Less noticed or reported was the oral argument before the Supreme Court on the day before Biden’s inauguration. It was another chapter in the city of Baltimore’s fight for “equitable relief” from over 20 major oil companies for the many climate-related impacts on the city. Baltimore alleges that the production and marketing of fossil fuel products, along with the concealment of the products’ known hazards, is a direct cause of climate change impacts. 

Even as the court battles rage, it is time to give some serious thought to what equitable relief might look like for Baltimore, the other communities suing oil companies and the country more generally.

To date, federal courts have been unpersuaded by arguments that oil companies should contribute to managing the impacts of a changing climate. Several federal courts have dismissed such cases. Judge John Keenan wrote, “Climate change is a fact of life…but the serious problems caused thereby are not for the judiciary to ameliorate.”

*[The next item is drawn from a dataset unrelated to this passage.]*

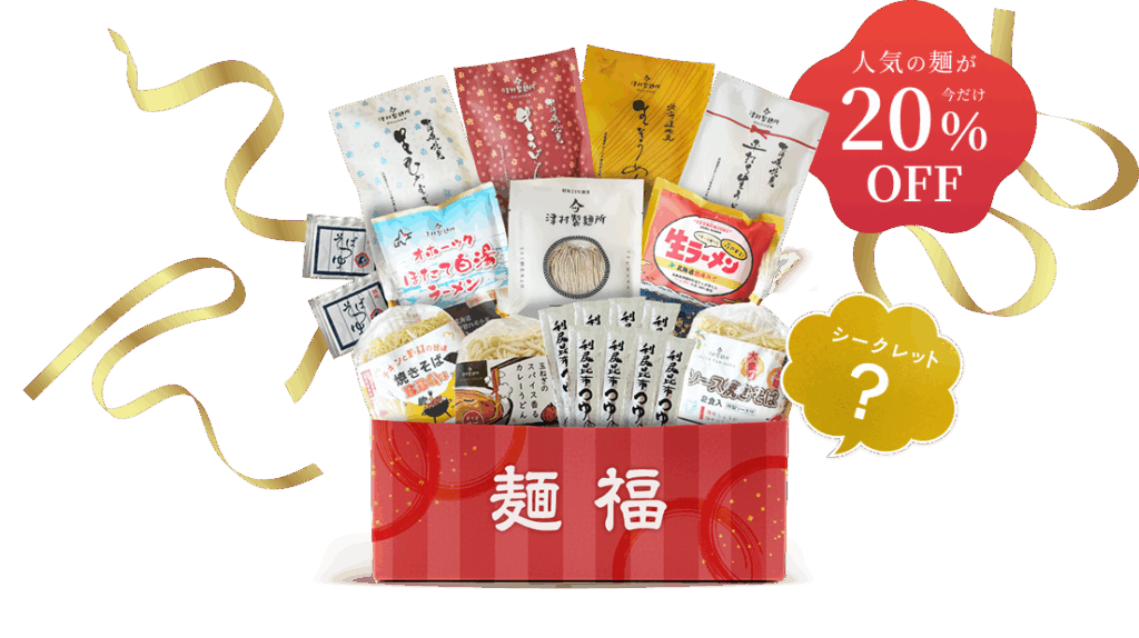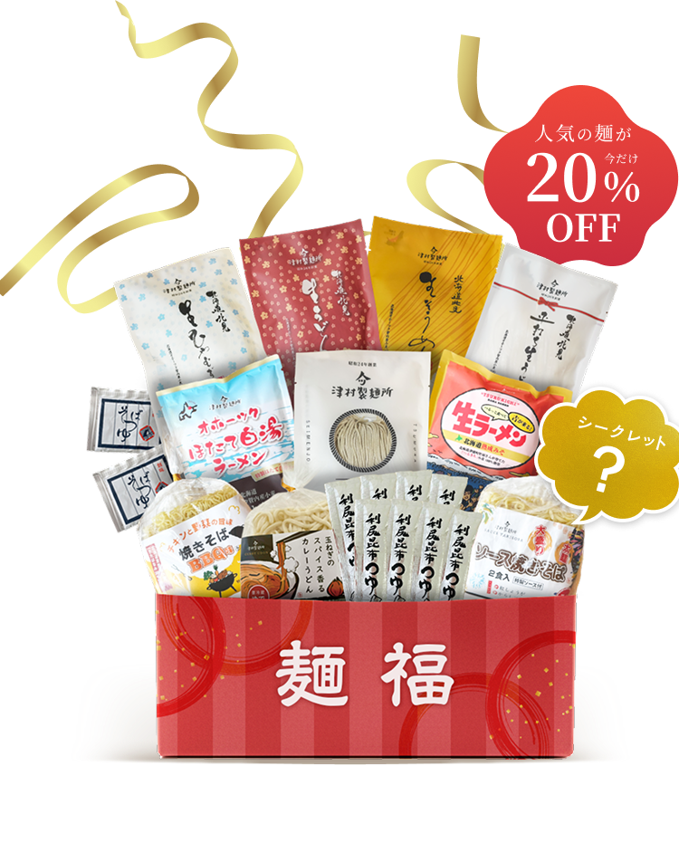 感謝の麺福セットは、公式オンラインショップ限定販売。期間限定の特別企画だからこそ、プレゼントにも安心してご利用いただけます。津村製麺所からの感謝を込めて。食べたら福が来る、特別なひと箱をぜひ、お早めにお求めください。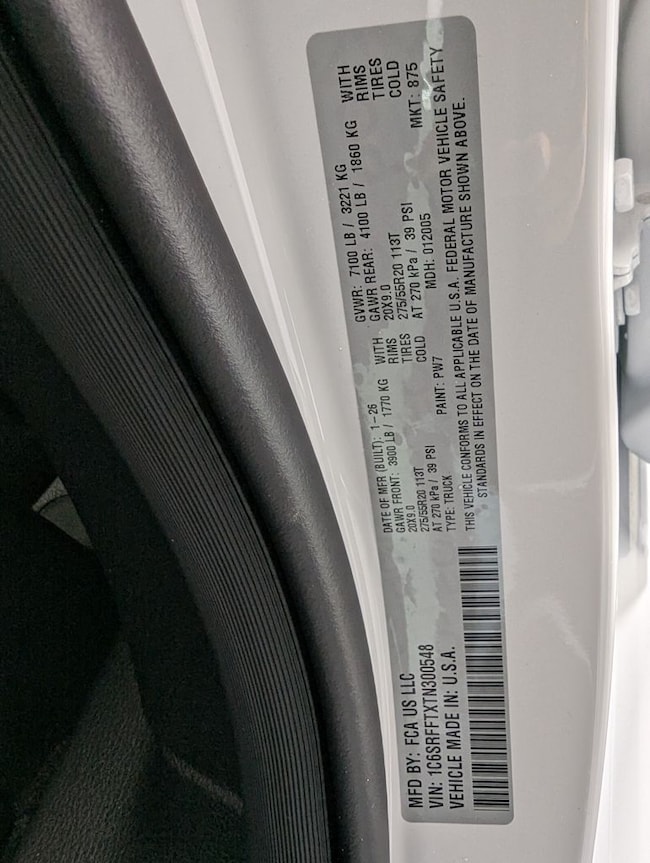 - VIN : 1C6SRFFTXTN300548

Undaunted, Baltimore and some 23 other state and local governments continue to press their cases, shifting their attention to state courts thought to be more open to recognizing climate impacts and punishing misleading conduct by oil companies. Among the governments bringing these cases is Rhode Island, whose Democratic Gov. Gina Raimondo has supported the climate case and is now nominated to be the U.S. secretary of Commerce. 

Baltimore won a decision from the Fourth U.S. Circuit Court of Appeals that it could proceed in state court and the appeal of that decision by the oil companies led to Tuesday’s hearing at the Supreme Court. The Supreme Court might point Baltimore to federal court where similar cases have died. Or, the court might agree to send the case back to state court, which might support Baltimore’s claims or dismiss them. 

If communities begin to win cases in state courts, oil companies might seek to settle cases individually or collectively. Communities not party to the litigation, but also coping with climate change impacts, might seek to frame a national settlement that would balance national needs against the oil companies’ ability to pay. 

Big oil companies have a plausible claim to being the original “deep pockets,” with reported combined profits of $55 billion in 2019 from just the six largest companies. Since 1990, these same companies recorded profits of over $2.4 trillion. 

As impressive as these profits are, they are dwarfed by the magnitude of the projected costs of adapting to a changing climate. Researchers say adaptation costs in the United States could reach tens or hundreds of billions of dollars per year by the middle of this century. The costs of adapting to rising sea levels alone is estimated to be as high as $3 trillion by 2100.

It seems clear that successful claims for equitable relief would quickly empty even the deepest oil company pockets, creating a scenario with some big winners and many losers. Is there a way to hold big oil companies accountable for their role in the climate crisis while making the best possible use of the resources these companies can contribute?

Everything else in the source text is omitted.